• [DATA FOR THE TASK]
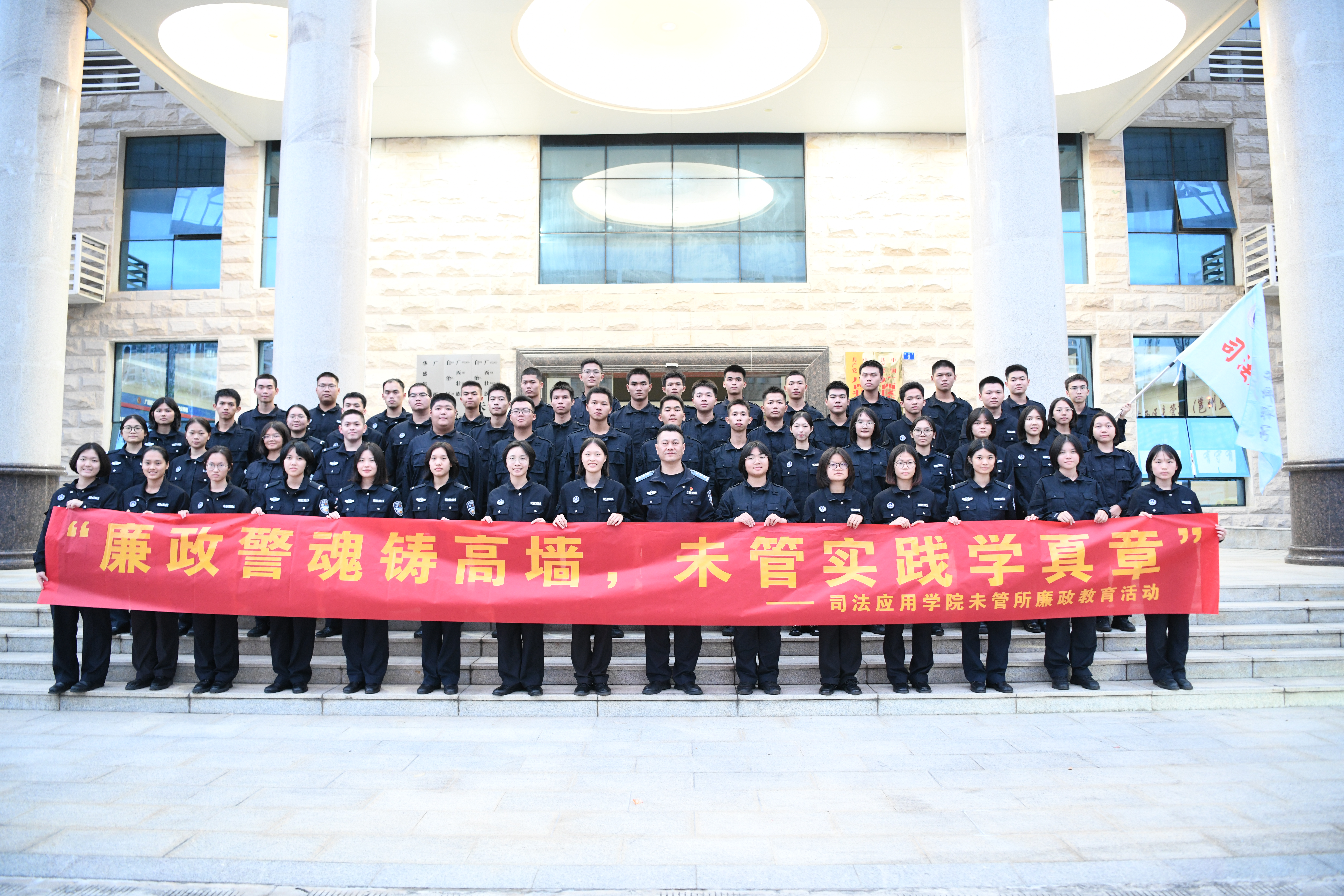 为深化理想信念教育、青年政治骨干培养与廉政警示教育实效,2025年11月11日,司法应用学院开展系列主题活动,组织师生党员、青马班学员共59人,赴广西壮族自治区未成年犯管教所开展沉浸式实践教育,引导全体人员特别是学生党员干部在一线锤炼党性、筑牢忠诚。
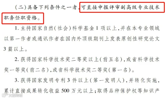 建立绿色通道,这类人员可直接申报评审副高级职称或正高级职称。
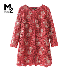 M2奥莱店春夏复古网纱长袖开衫女装圆领花边雪纺上衣
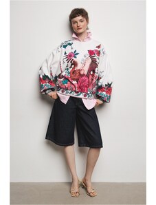RUE PARIS Biela mikina s kvetinovým vzorom RV-BL-8118.89-white-pink
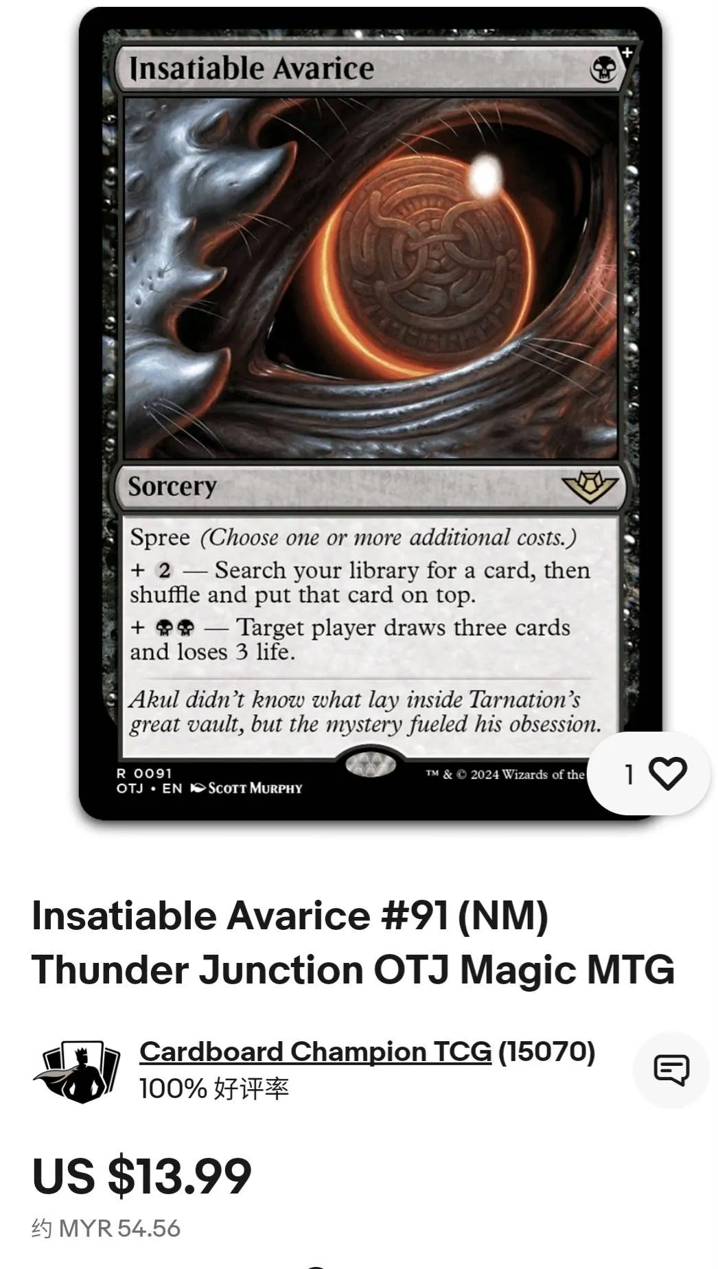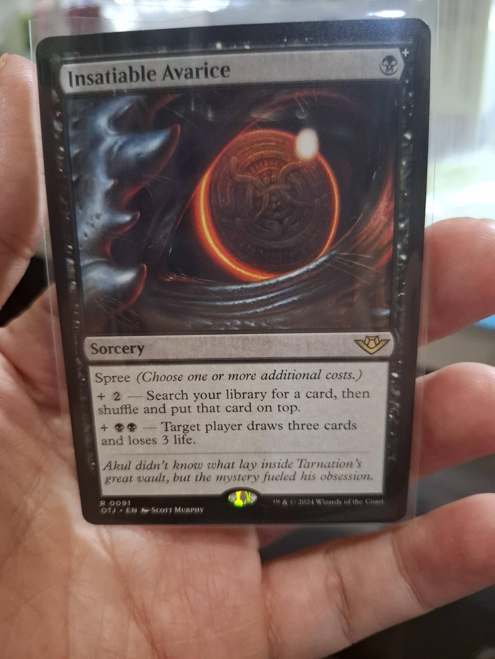 Insatiable Avarice from the One True Yearning (OTY) set, illustrated by Scott Murphy. This is a foil extended art black sorcery card. Playable in various black control or combo decks in the current Magic meta. The card allows searching your library or drawing cards with a life loss mechanic. Collector number 91, English language.
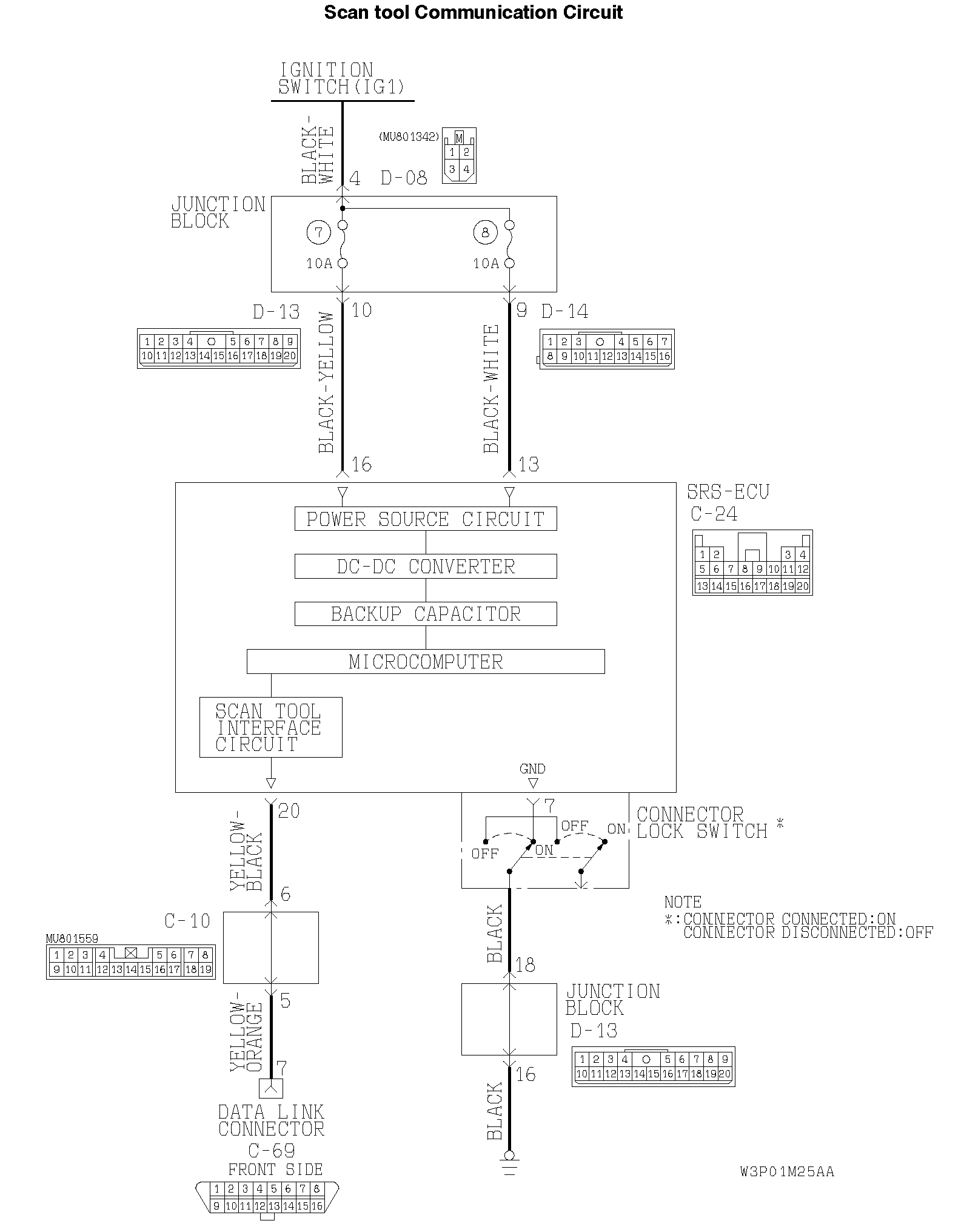 The SRS system diagnosis can be done by connecting scan tool MB991502 to the data link connector.

• [TRY IT] Leave the pictures out, and retype exactly the lines from the one containing "Insatiable Avarice from" through the last line of the entries above, both included.

• [SOLUTION BELOW]
 Insatiable Avarice from the One True Yearning (OTY) set, illustrated by Scott Murphy. This is a foil extended art black sorcery card. Playable in various black control or combo decks in the current Magic meta. The card allows searching your library or drawing cards with a life loss mechanic. Collector number 91, English language.
 The SRS system diagnosis can be done by connecting scan tool MB991502 to the data link connector.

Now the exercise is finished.